Yeah, that's not really correct.
A checkpoint occurs AFTER the AIJ switchover completes, recording the various
checkpoint records in the NEW AIJ journal. When all of the processes have
checkpointed into the NEW AIJ journal, the previous AIJ journal is "available"
(meaning it can be backed up or overwritten, etc).
The definition of "available" is "an AIJ journal is not recovered for recovery".

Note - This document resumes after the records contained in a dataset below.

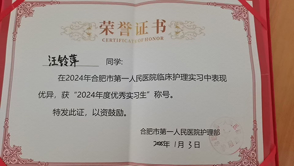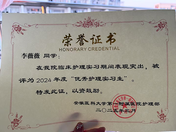 安徽合肥医药卫生学校始终秉持“知行合一”的教学理念,高度重视学生实践能力培养。本次实习中,共有25名实习生荣获“优秀实习生”称号,这既是对个人努力的充分肯定,更是对学校教学质量和人才培养模式的有力褒奖。希望受表彰的同学能以此为新的起点,在未来的护理岗位上继续精进技艺,书写更精彩的职业篇章。同时,也期待更多学子以他们为榜样,深耕专业知识,锤炼实践技能,努力成长为德技双馨的护理人才,用仁心仁术守护人民健康,在护佑生命的征程中绽放青春光彩。
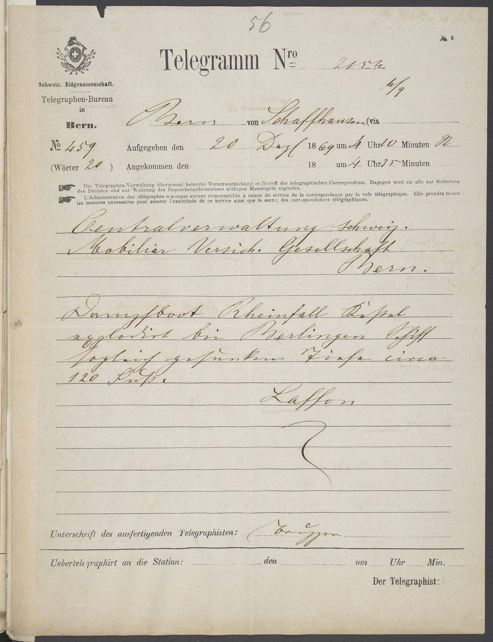 Una domanda semplice con una posta in gioco altissima. Nel rapporto di gestione della «Società di viaggi in piroscafo sull’Untersee e sul Reno» del 1869 si legge che la «Rheinfall», all’epoca al suo quarto anno di esercizio, aveva bisogno di essere revisionata. È possibile che la nave non fosse ben manutenuta? Si trattava di negligenza o addirittura di negligenza grave, come sospettava l’ispettore sinistri della Mobiliare? L’invio di sommozzatori in profondità non risolve le incognite sul piroscafo e su quanto avvenuto, quindi la Mobiliare paga quello che sarà l’indennizzo più caro di quell’anno. All’importo di 78 000 franchi per il sinistro vanno ad aggiungersi i costi per i tentativi di recupero del relitto. Dopo l’incidente, per molto tempo la Mobiliare non assicurò più piroscafi.
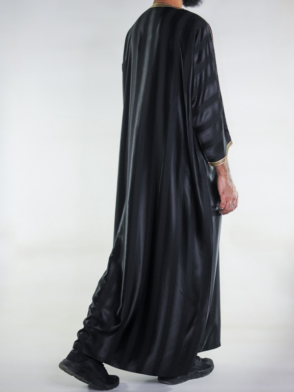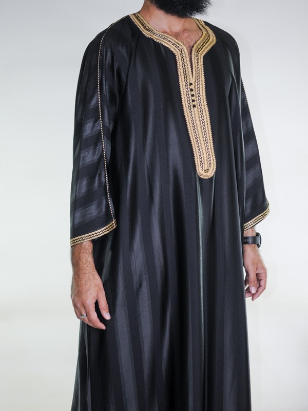 Gandoura marokkanische Djellaba Schwarz / Goldene Stickerei
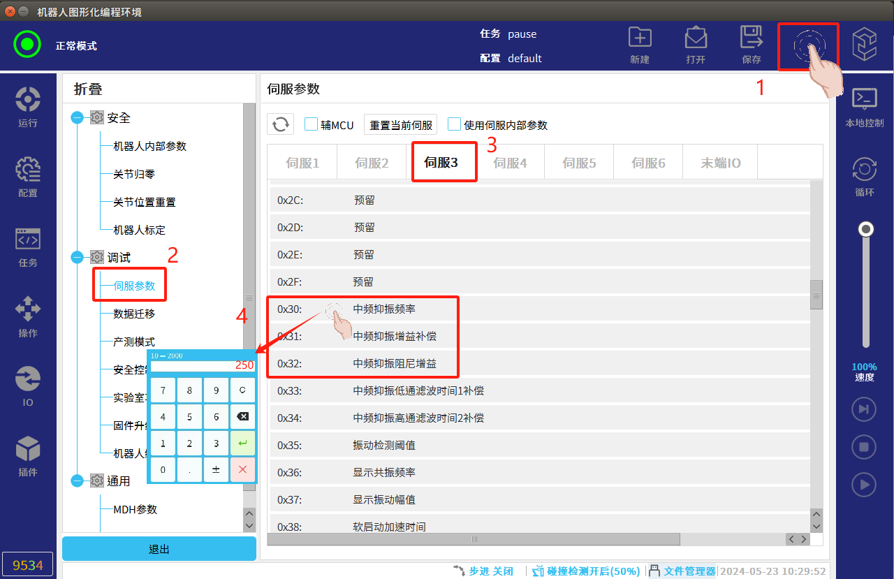 通常在出厂时,Pn0C 被设定为 0,即标准抑制模式,振动抑制参数均由控制 器下发。在后续使用机器人的过程中,若出厂设定的默认参数对于实际工况下的 抖动抑制能力达不到特定需求时,则可通过调整伺服参数Pn0C 进行自动低频抖 动抑制。
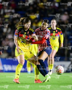 Ciudad de México, 16 de noviembre de 2025. Annie Karich y Viridiana Salazar durante el partido correspondiente a la vuelta de las Semifinales del torneo Apertura 2025 de la Liga BBVA MX Femenil, entre las Águilas del América y las Chivas Rayadas del Guadalajara, realizado en el estadio Ciudad de los Deportes. Foto: Imago7/ Mauricio Ruiz
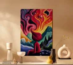 Ein intensiver Moment der Befreiung oder des Wahnsinns – dieses expressive Kunstwerk zeigt ein Gesicht, das vor Energie, Emotion und Chaos explodiert. Die dynamischen, leuchtenden Farbstriche, die aus dem Kopf herausbrechen, symbolisieren kreative Explosion, Schmerz oder Erleuchtung. Der dramatische Ausdruck und der kühne Malstil fesseln den Blick des Betrachters und laden zur Interpretation ein. Ein eindrucksvolles Stück für Liebhaber moderner, abstrakter Kunst.
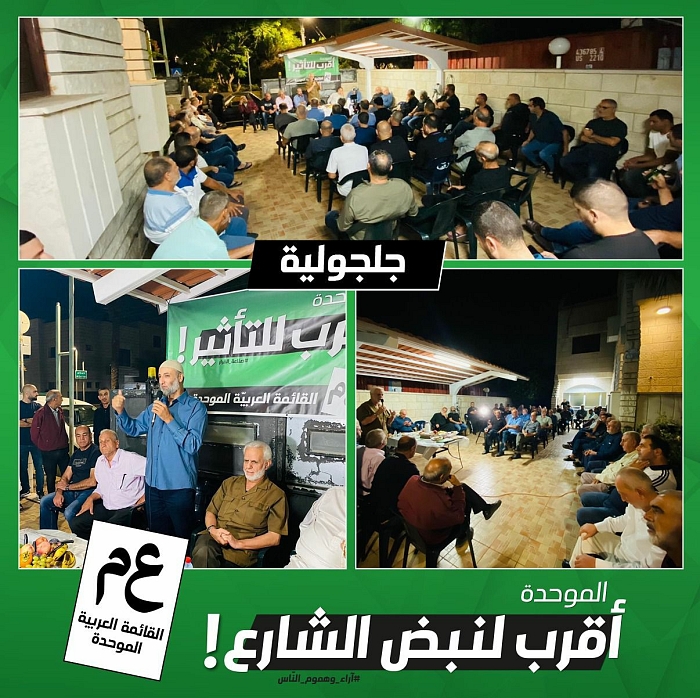 اجتماع انتخابي دعمًا وتأييدًا للموحدة ونهجها الأقرب، من قبل آل شواهنة في جلجولية، في بيت السيد يعقوب شواهنة (أبو الأدهم)، بمشاركة رئيس الموحدة السابق الشيخ إبراهيم صرصور، والشيخ جابر جابر رئيس الحركة الإسلامية في جلجولية.

Also, (obviously) the checkpoint operation is the act of flushing buffers NOT
the AIJ journal :-)
Thanks!
Rick
|
5109.2 | Offline before switchover | M5::PSOEHL | The area is secured, Ripley!!! | Thu Mar 06 1997 19:39 | 24 |
| I think Jerry and I are talking to the same customer. But the question that they've posed to me
has a few more twists.
Documentation says, in Guide to DB maintenance for 6.0, page 9-30 that "loss of the current .AIJ file is handled
through the automatic failover mechanism". The way the previous paragraphs are worded, I infer this to include
disk failures. Is that true? I recently tried this, by powering down the drive the active aij file is on. Once
it discovered the drive was not there, before the 60 minute timeout expired, attaches were terminated with the
AIJTERMINATE message. This is what I would have expected, not that the swithover would automatically occur.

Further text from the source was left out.